Key Takeaways: Die Kurzantwort
Valves Jahresrückblick 2025 deutete an, dass die Steam Machine, Steam Frame und der Steam Controller erst nach 2026 erscheinen könnten.
Nach einem massiven Aufschrei der Community hat Valve den Post heimlich geupdatet und bestätigt, dass alle drei Produkte definitiv noch dieses Jahr kommen.
Extreme Engpässe bei RAM und Speicher – angetrieben durch den KI-Boom – sorgen für riesige Kopfschmerzen bei Preisgestaltung und Produktion.
Die Panik vor der Verschiebung auf 2027
Das Warten auf Valves nächsten Hardware-Drop hat uns allen gerade ein Schleudertrauma verpasst. Die extrem gehypte Steam Machine, das Steam Frame VR-Headset und der neue Steam Controller waren ursprünglich für „Anfang 2026“ festgesetzt.
Aber der massive Steam Jahresrückblick vom Freitag hat die Community geschockt. Valve erklärte, man „hoffe„, das Trio 2026 auszuliefern, und schob die Schuld auf gravierende Speicher-Engpässe.
Die Spieler machten sich sofort auf einen Release erst in 2027 gefasst. Das Steam-Backend änderte sogar die Release-Dates für alle drei Geräte auf ein extrem schwammiges „Demnächst“.
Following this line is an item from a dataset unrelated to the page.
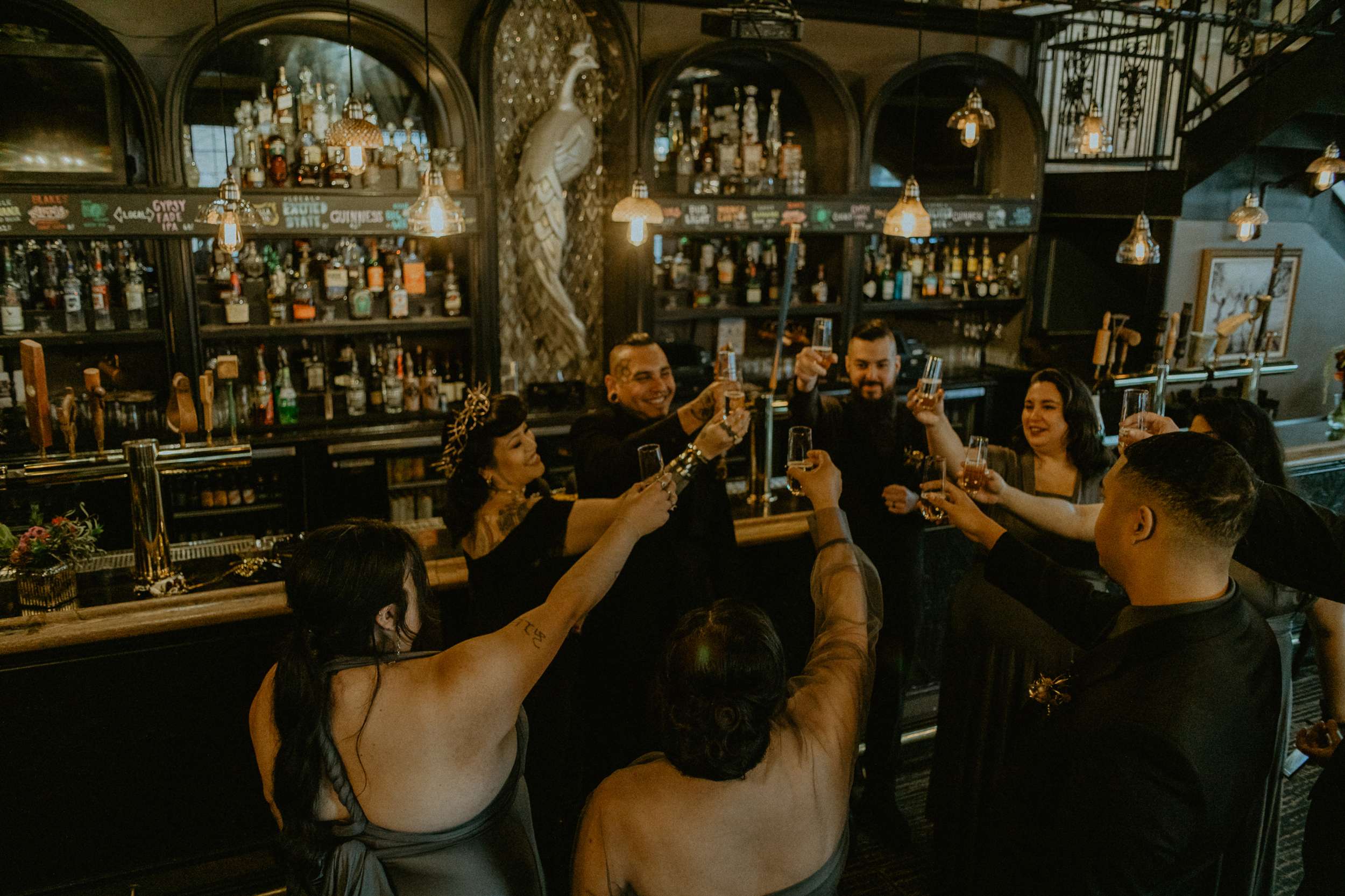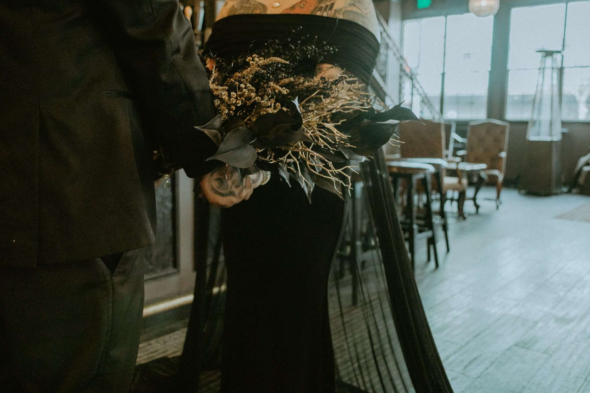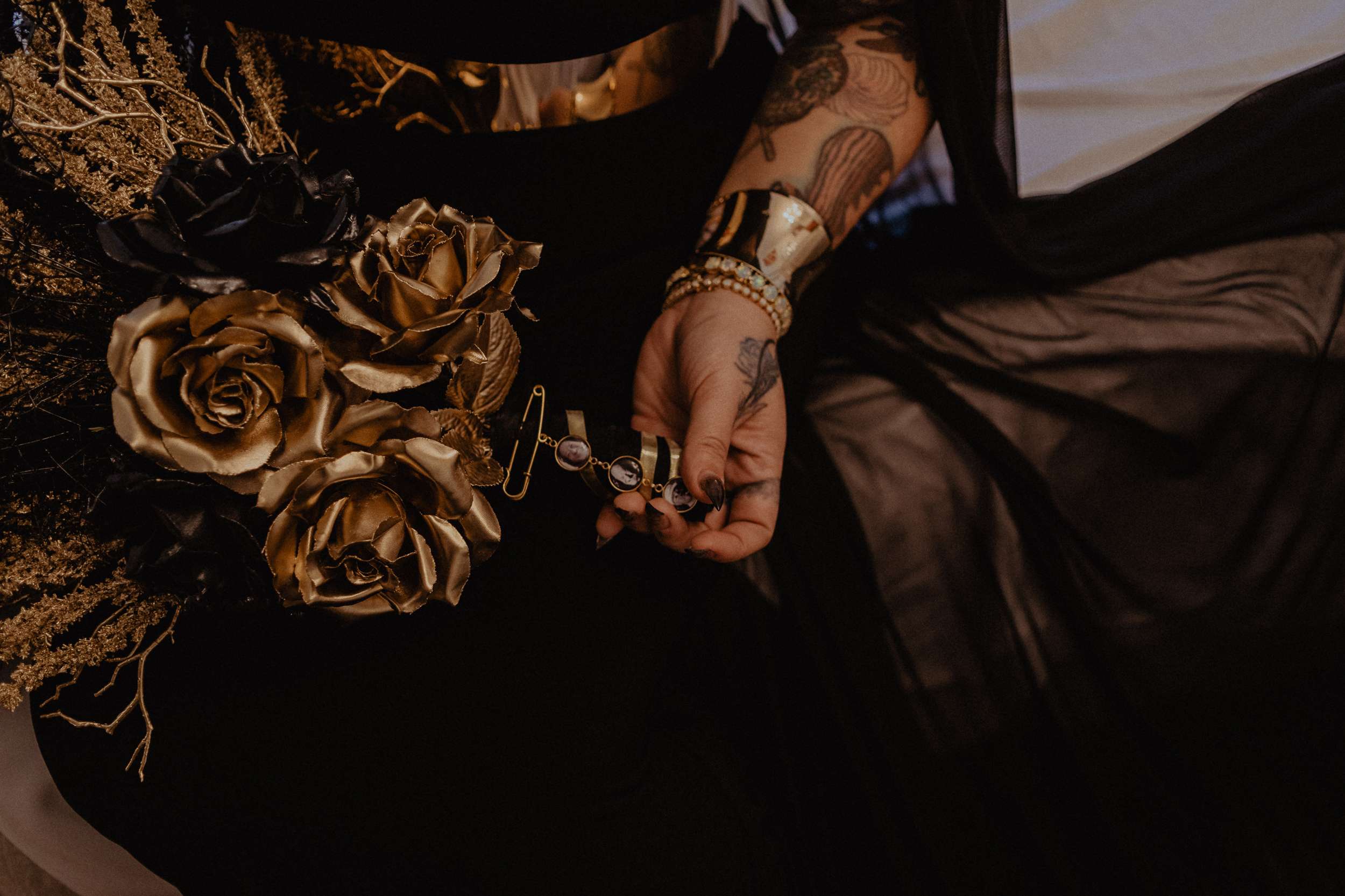 Hellbent Hitchings coordinated the day, allowing the couple to arrive without stress and really enjoy the experience. Trusting someone else with the details did not come easily to the self confessed Type A bride, but hiring them was the best decision. They could handle the logistics, while the couple could focus on the DIY and their outfits. “One of the best parts of wedding planning was all the DIY projects”, she explained. “From the moment we we became engaged, we started crafting! Our invitations were severed fingers made of wax with a ribbon tied on it – which actually catapulted us into starting our own CBD infused candle company. I also made my bridesmaids proposal boxes and after my bouquet came in destroyed after traveling overseas, my husband helped me salvage it and spray painted all the flowers we bought from Michaels.”

Valve has updated its post, which now says
— VideoCardz.com (@VideoCardz) March 7, 2026
"We shared recently that there have been challenges with memory and storage shortages, but we will be shipping all three products this year. More updates will be shared as we finalize our plans."
So it no longer says they 'hope' to… https://t.co/0Kfwl8W4kn
Valves heimliche Korrektur
Valve hat sehr schnell gemerkt, dass ihre Wortwahl für einen absoluten Meltdown gesorgt hat. Nur Stunden später haben sie die offiziellen Ankündigungen klammheimlich editiert, um die Wogen zu glätten.
Im aktualisierten Text wurde das Wort „hoffen“ komplett gestrichen. Stattdessen stellte Valve glasklar klar, dass sie „alle drei Produkte in diesem Jahr ausliefern werden.“
Die genauen Launch-Pläne und Preise müssen zwar noch finalisiert werden, aber das Versprechen für 2026 steht wieder schwarz auf weiß. Krise abgewendet – größtenteils.
Warum Hardware-Preise den Launch ruinieren
Valve kämpft gerade an vorderster Front im Krieg um Komponenten. Tech-Giganten kaufen massenhaft RAM und Speicher auf, um ihre KI-Rechenzentren hochzuziehen.
Das bedeutet, die Kosten für den Bau einer Konsole schießen durch die Decke. Valve versprach einen erschwinglichen Wohnzimmer-PC, um den klassischen Konsolen Konkurrenz zu machen, aber die Bauteilpreise machen das zu einem absoluten Albtraum.
Sie stecken völlig in der Zwickmühle. Entweder ziehen sie den Verkaufspreis an – was den gesamten Reiz der Steam Machine killt – oder sie verschieben die Produktion, bis sich die Preise wieder beruhigen.
Vorerst lebt der Traum von 2026 weiter. Wir müssen das Wartespiel einfach mit unseren langsam alternden Steam Decks überstehen.